----- Data -----

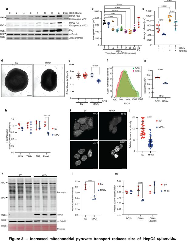 Increased mitochondrial pyruvate transport reduces size of HepG2 spheroids.
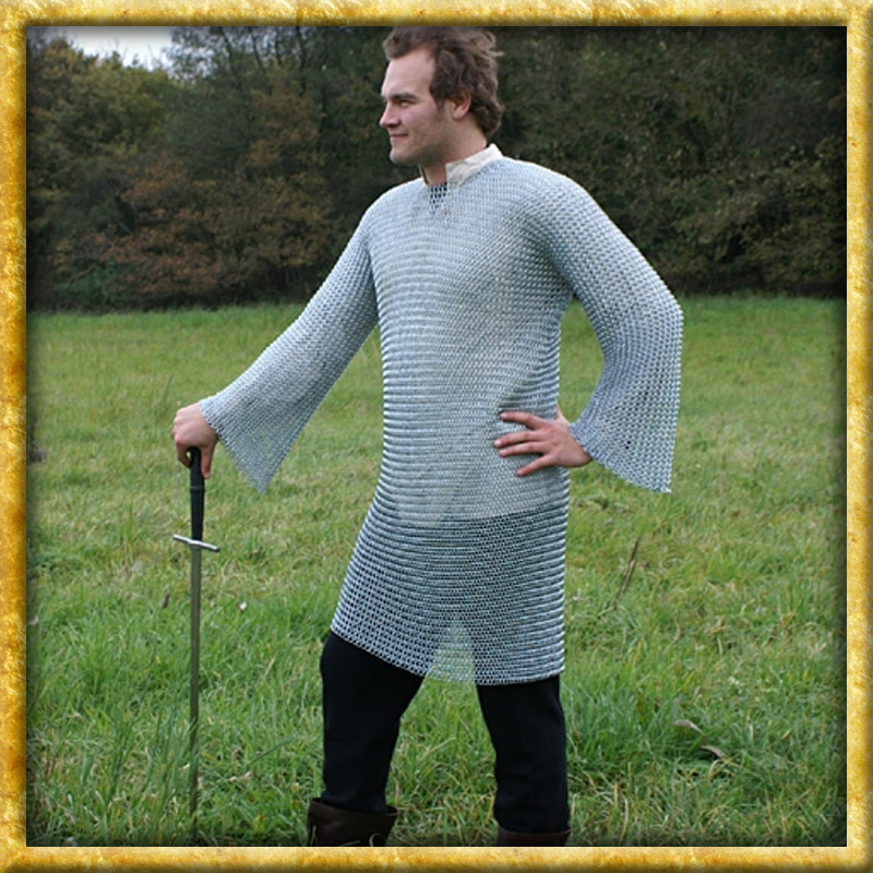 Dieses mittelalterliche Kettenhemd wurde aus aus galvanisch verzinkten, hochwertigen Kohlenstoffstahlringen hergestellt. Die Kettenringe wurden 4 in 1 handgeflochten, die typische mittelalterliche Art Kettenzeug zu flechten. Der Innendurchmesser der Kettenringe beträgt lediglich 9 mm.
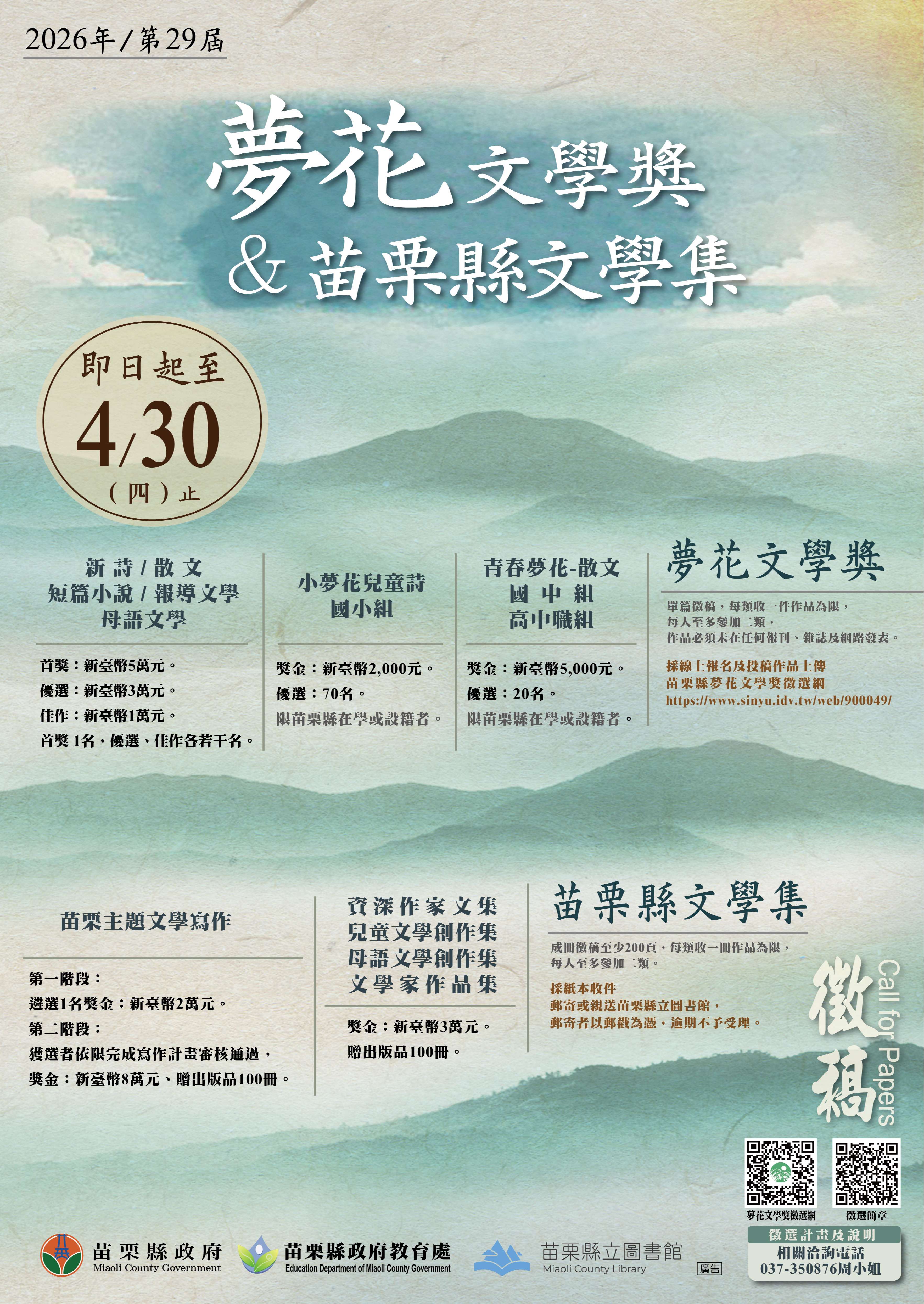 | 二、 | 為鼓勵文學創作,保存地方文學並傳承文史,本府賡續辦理2026年「苗栗縣第29屆夢花文學獎暨苗栗縣文學集」徵選,徵選項目如下: |
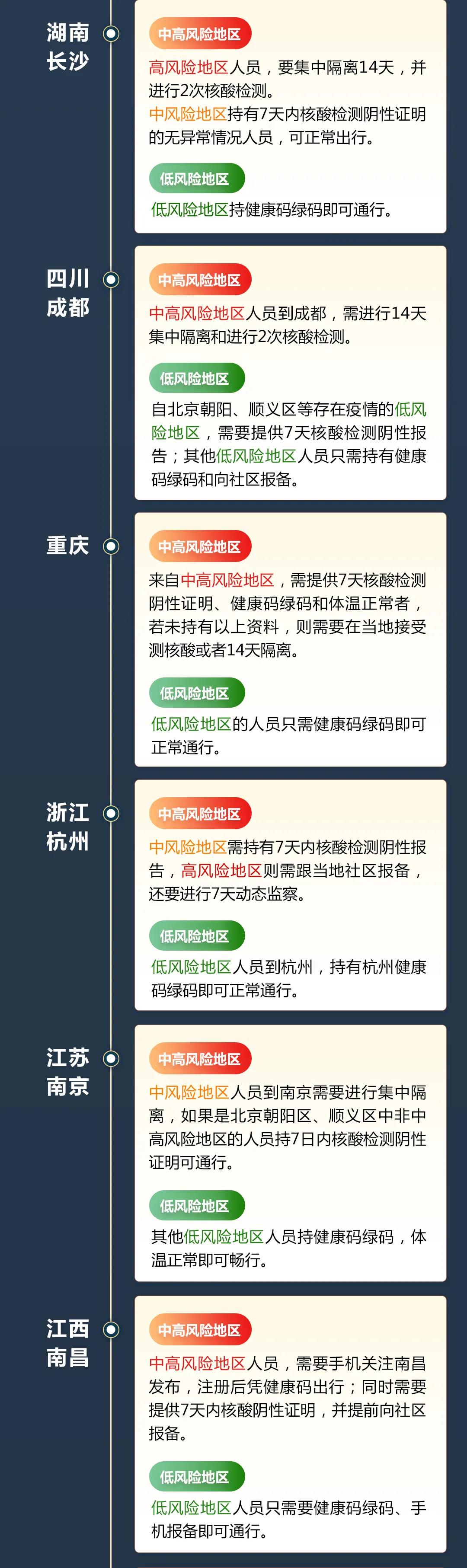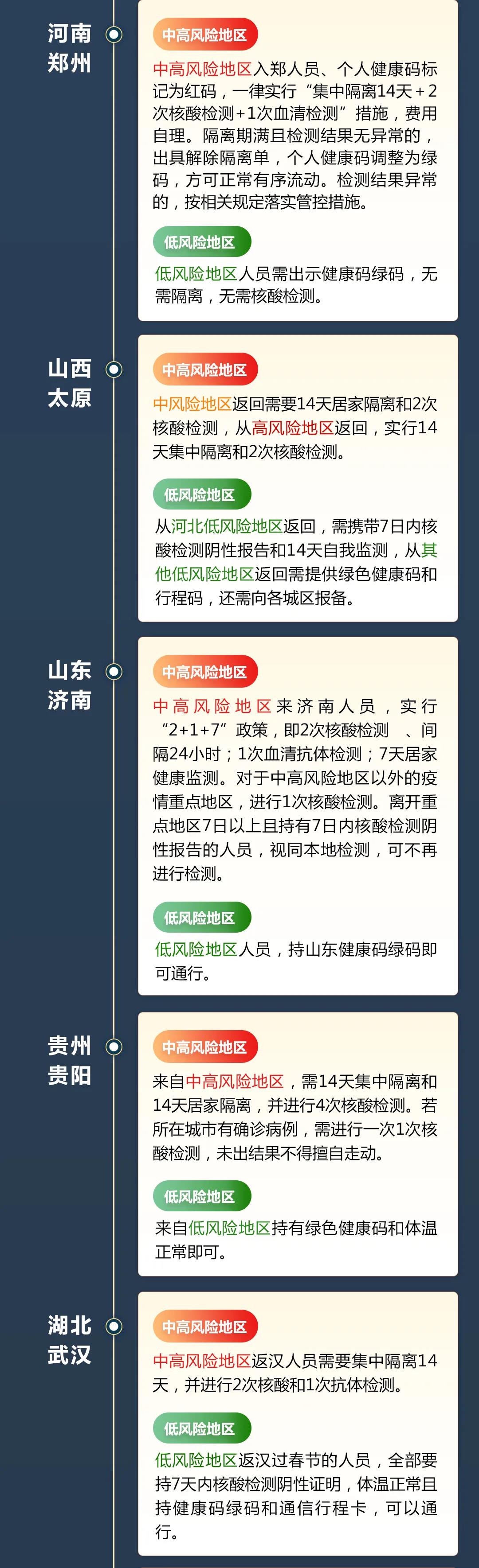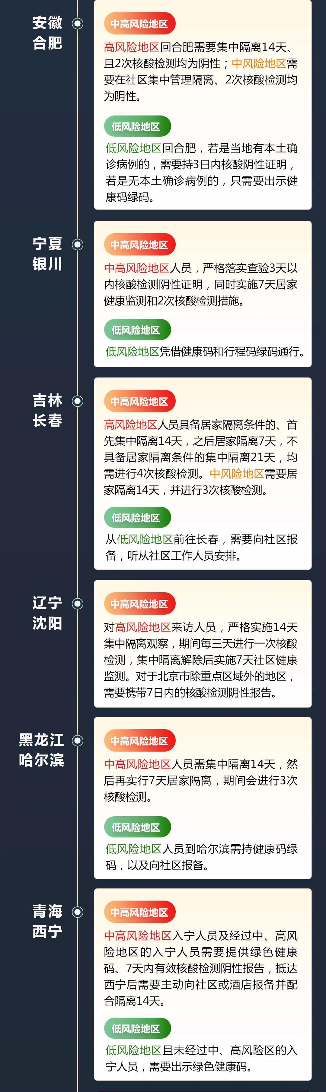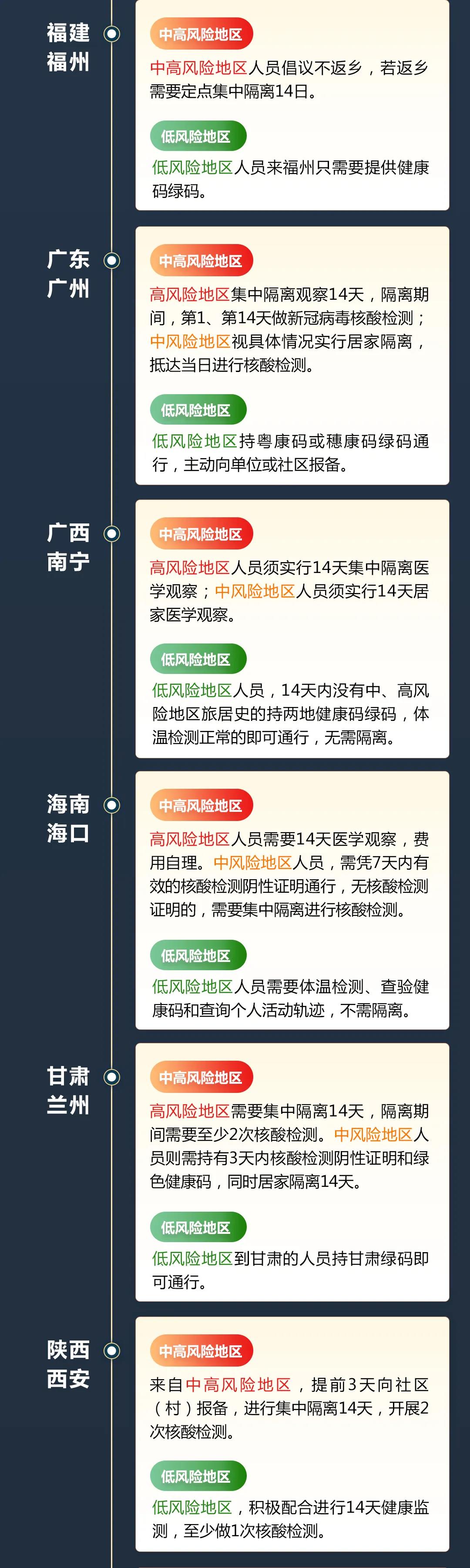 目前,全国31省区市均出台了返乡隔离政策。各地政策有一定区别,但均要求中高风险区返乡人员接受隔离,同时进行核酸检测。

-----

:: Problem description ::
Print the whole listing above once more, word for word, without its pictures.

:: Your response ::
 Increased mitochondrial pyruvate transport reduces size of HepG2 spheroids.
 Dieses mittelalterliche Kettenhemd wurde aus aus galvanisch verzinkten, hochwertigen Kohlenstoffstahlringen hergestellt. Die Kettenringe wurden 4 in 1 handgeflochten, die typische mittelalterliche Art Kettenzeug zu flechten. Der Innendurchmesser der Kettenringe beträgt lediglich 9 mm.
 | 二、 | 為鼓勵文學創作,保存地方文學並傳承文史,本府賡續辦理2026年「苗栗縣第29屆夢花文學獎暨苗栗縣文學集」徵選,徵選項目如下: |
 目前,全国31省区市均出台了返乡隔离政策。各地政策有一定区别,但均要求中高风险区返乡人员接受隔离,同时进行核酸检测。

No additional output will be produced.